With regard to the latter, Frank Camp, writing in Last Resistance, expresses the problem with exemplary clarity: “Racial fear is keeping Obama safe from criticism, and that shouldn’t be the case.… It’s time that we put aside this ridiculous notion that criticizing a black man is wrong, simply because he’s black. Obama has failed this country, and it’s not because of his race, but because of his character.” Thankfully, there are some among the black community who are beginning to awaken to the disaster that is Barack Obama and who might offset the timidity of people terrified of criticising a black (or half-black) president, irrespective of his unsuitability for office. Reverend Bill Owens of the Coalition of African American Pastors (CAAP), for example, does not mince words in his assessment: “In my lifetime, I’ve never seen a president as bad as this president.”

Much has been and continues to be written about what is probably the most mendacious administration in American political history. The fact that so many of Obama’s vital records are sealed or problematic should have raised alarm bells and disqualified his candidacy in the years before he assumed office -- or at least have alerted a sentient electorate to the ethical and political travesty his presidency would become. Many are now experiencing buyer’s remorse, spasms of retrocognition, but the slightest degree of early attention to Obama’s defective résumé would have avoided such metaleptic regret or rueful hindsight. So insidious a burlesque as his presidency would become should have been obvious to any serious voter. When one follows the trajectory of Obama’s career, one knows that one is dealing with a man who is a liar from the egg, a man for whom suppressing the truth or lying outright is the daily fare of his existence -- indeed, tracking the president’s innumerable lies has become something of an Internet sport.

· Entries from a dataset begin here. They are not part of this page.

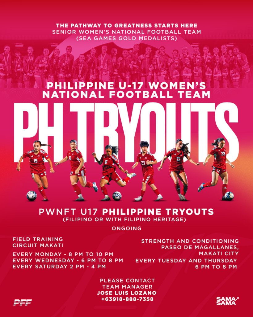 The Philippine Football Federation (PFF) has announced the conduct of official talent identification tryouts for the Philippine under-17 women’s national football team in the Philippines and the United States as part of its continuing efforts to strengthen the long-term development pathway for Filipina footballers and in preparation for the upcoming AFC U17 Women’s Asian Cup in China in May 2026.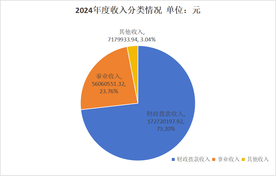 bevictor伟德国际1946官网2024年度收入合计235960683.18元。其中:财政拨款收入172720197.92元,占总收入的73.20%;无上级补助收入;事业收入56060551.32元(含教育收费56060551.32元),占总收入的23.76%;无经营收入;无附属单位上缴收入;其他收入7179933.94元,占总收入的3.04%。
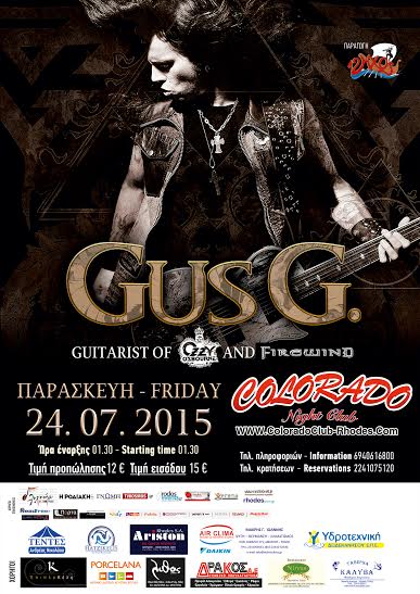 Ο Ελληνικής καταγωγής βιρτουόζος κιθαρίστας του ΟZZY OSBOURNE και των FIREWIND που αυτή τη στιγμή θεωρείται κορυφαίος στο είδος του παγκοσμίως , GUS G ζωντανά στη μουσική σκηνή του ColoradoClub την Παρασκευή 24 Ιουλίου .Μαζί του ο HENNING BASSE (Τραγουδιστής των Metalium) και ο JO NUNEZ (Drummer των Firewind).ΈναLive στα πλαίσια της Ευρωπαϊκής του περιοδεία, με αφορμή την κυκλοφορία του νέου του Αlbum "BrandNewRevolution"!!!!

The incongruities in his personal narrative are so vast as to provoke the conviction that Obama is little more than an embodied fiction -- unless one assumes that a man born four years before his parents presumably met in Selma in 1965 is some sort of miracle worker or godsend. Aside from autobiographical disparities and obscurities, the empirical lies and political abuses continue to pile up. Senator Ted Cruz is in process of issuing a series of reports on the Obama administration’s abuses of power, having enumerated 76 instances of such constitutional dereliction at the hands of an “imperial presidency.” Blogger Tim Brown has documented 252 sourced examples of Obama’s lying, lawbreaking, corruption and cronyism, which as we are aware have culminated in a number of recent whoppers. For example, Obama insists that there was not “a smidgen of corruption” in the notorious IRS scoping of conservative organizations, yet the former director of the IRS Exempt Organizations division, Lois Lerner, who advanced the process, has twice pleaded the Fifth and will be held in contempt of Congress. Moreover, it now turns out that some two years’ worth of Lerner’s emails have been unaccountably lost. Something doesn’t compute, and we all know what that is.